Staph Infection: Question and Answer
What is MRSA?
MRSA is a type of Staphylococcus aureus (S. aureus).
Staphylococcus aureus, often referred to simply as "staph," are bacteria
commonly carried on the skin or in the nose of healthy people. Some S. aureus are resistant to the class
of antibiotics that are frequently used to treat staph such as methicillin-and
thus are called methicillin-resistant S. aureus(MRSA).
Who gets MRSA?
S. aureus (staph) including MRSA can be spread among people having close
contact with infected people. MRSA is almost always spread by direct physical
contact and not through the air. Spread may also occur through indirect contact
by touching objects (e.g., towels, sheets, wound dressings, clothes, workout
areas, or sports equipment) contaminated by the infected skin of a person with
staph bacteria or MRSA.
Just as S. aureus can be carried on the skin or in the
nose without causing any disease, MRSA can be carried in this way also. This is known as
colonization.
MRSA infections are usually mild, superficial infections of the skin that can
be treated successfully with proper skin care and antibiotics. MRSA, however,
can be difficult to treat and can progress to life-threatening blood or bone
infections because there are fewer effective antibiotics available for
treatment.
MRSA infections occur commonly among persons in
hospitals and healthcare facilities. However, MRSA can cause illness in persons
outside of hospitals and healthcare facilities as well. Cases of MRSA infection
in the community have been associated with recent antibiotic use, sharing
contaminated items, having recurrent skin diseases, and living in crowded settings. Clusters of skin
infections caused by MRSA have been described among injecting drug-users;
aboriginals in Canada, New Zealand and Australia; Native Americans
in the United States; incarcerated persons; players of close-contact
sports; men who have sex with men (MSM); and other populations.

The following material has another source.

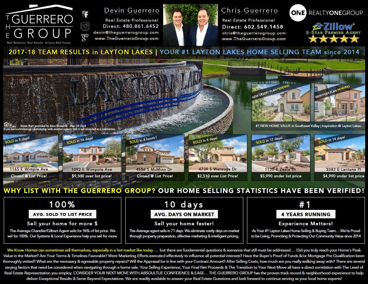 For more than a decade, Layton Lakes has been the destination community known for its picturesque scenery and neighborhood charm. Its warm and inviting: full of friendly neighbors, an engaging lifestyle, and exceptional educational opportunities. Featuring several tree-lined parks, playgrounds, tennis, basketball & volleyball courts, soccer & baseball fields, lakes, streams, waterfalls, and splash pads all surrounded by scenic water-lined walking trails. Nestled between both the thriving City of Chandler & Town of Gilbert, residents take advantage of the countless nearby amenities including the 101 & San Tan 202 freeways, shopping, dining, entertainment, airports, hospitals, booming business corridors, new Southeast Valley Developments and #1 Chandler Unified School District, now two years running.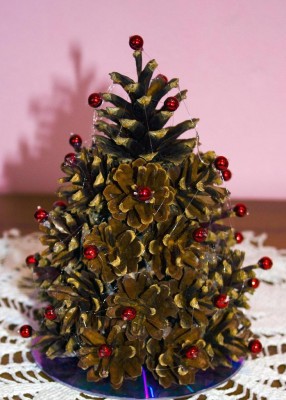 Mam do zaoferowania ozdoby świąteczne ręcznie robione choinki, wysokość 20-30cm idealne na biurko lub stół. Stroik Świąteczny w kształcie choinki wykonany ręcznie z Darów Natury. Solidna konstrukcja,obklejona została szyszkami istnieje możliwość zawieszenia światełek co daje bardzo fajny efekt wymiary największa ma wysokość 30cm szerokość u podstawy 19cm. Proszę o kontakt na pm

Most of the transmission in these settings appeared to be from people with
active MRSA skin infections.
How do I know if I got MRSA from the community or from a healthcare setting?

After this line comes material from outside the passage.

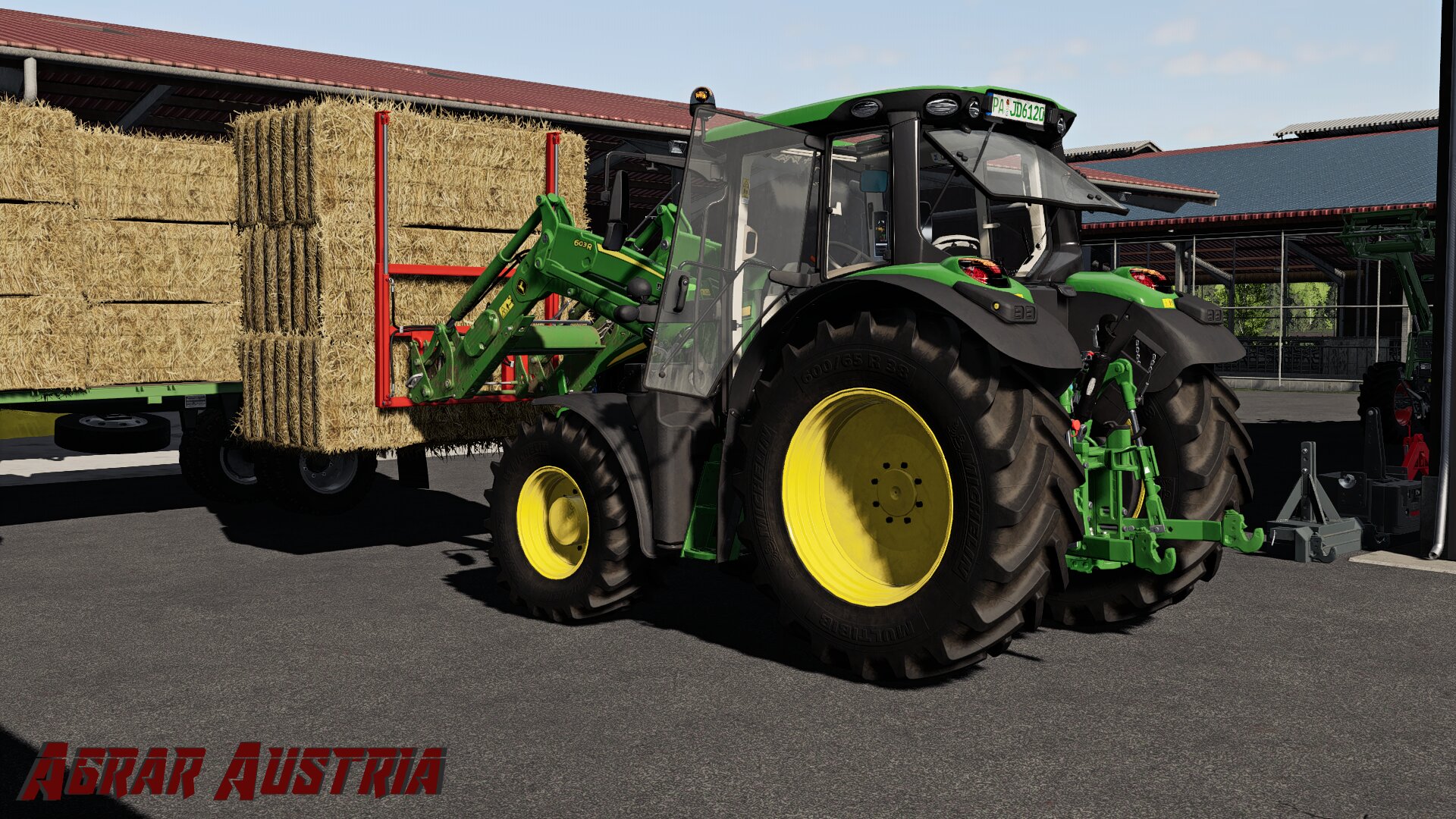 Die Ballen wurden dan mit dem JD 6120M vom Feld abgeräumt und direkt ins trockene gefahren.

Persons with MRSA infections that meet all of the following criteria likely
have community-associated MRSA (CA-MRSA) infections:
- Diagnosis of MRSA was made in the outpatient setting
or by a culture positive for MRSA within 48 hours after admission to the
hospital.
- The patient has no
medical history of MRSA infection or colonization.
- The patient has no medical
history in the past year of:
- The patient has no
permanent indwelling catheters or medical devices that pass through the skin
into the body.
If my doctor or healthcare provider has told me that I have an
MRSA skin infection, what can I do to prevent others from getting infected?
You can prevent spreading an MRSA infection to those you live with or others
around you by following these steps:
- Keep infections, particularly those that continue to produce pus or to drain material, covered
with clean, dry bandages. Follow your healthcare provider's instructions on
proper care of the wound. Pus from infected wounds can contain MRSA and spread
the bacteria to others.
- Advise your family and other close contacts to wash
their hands frequently with soap and warm water, especially if they change
your bandages or touch the infected wound or potentially infectious materials.
- Avoid sharing personal items (e.g., towels,
washcloth, razor, clothing, or uniforms) that may have had contact with the
infected wound and potentially infectious material. Wash linens and clothes
that become soiled with hot water and laundry detergent. Drying clothes in a
hot dryer, rather than air-drying, also helps kill bacteria in clothes.
- Tell any healthcare providers
who treat you that you have an antibiotic-resistant staph skin infection.
How is
MRSA diagnosed?
A sample of the infected wound (either a small biopsy of skin or pus taken
with a swab) must be obtained to grow the bacteria in the microbiology
laboratory. Once the staph is
growing, the organism is tested to determine which antibiotics will be effective
for treating the infection. A culture of skin lesions is especially useful in
recurrent or persistent cases of skin infection, in cases of antibiotic failure,
and in cases that present with advanced or aggressive infections.
What is the mortality rate of CA-MRSA?
CA-MRSA infections are typically limited to the skin and do not result in
severe disease (such as infection of the bloodstream) or death. However, on rare
occasion, CA-MRSA can cause severe illness even when treated quickly, as in the
cases of four children who died from CA-MRSA (18).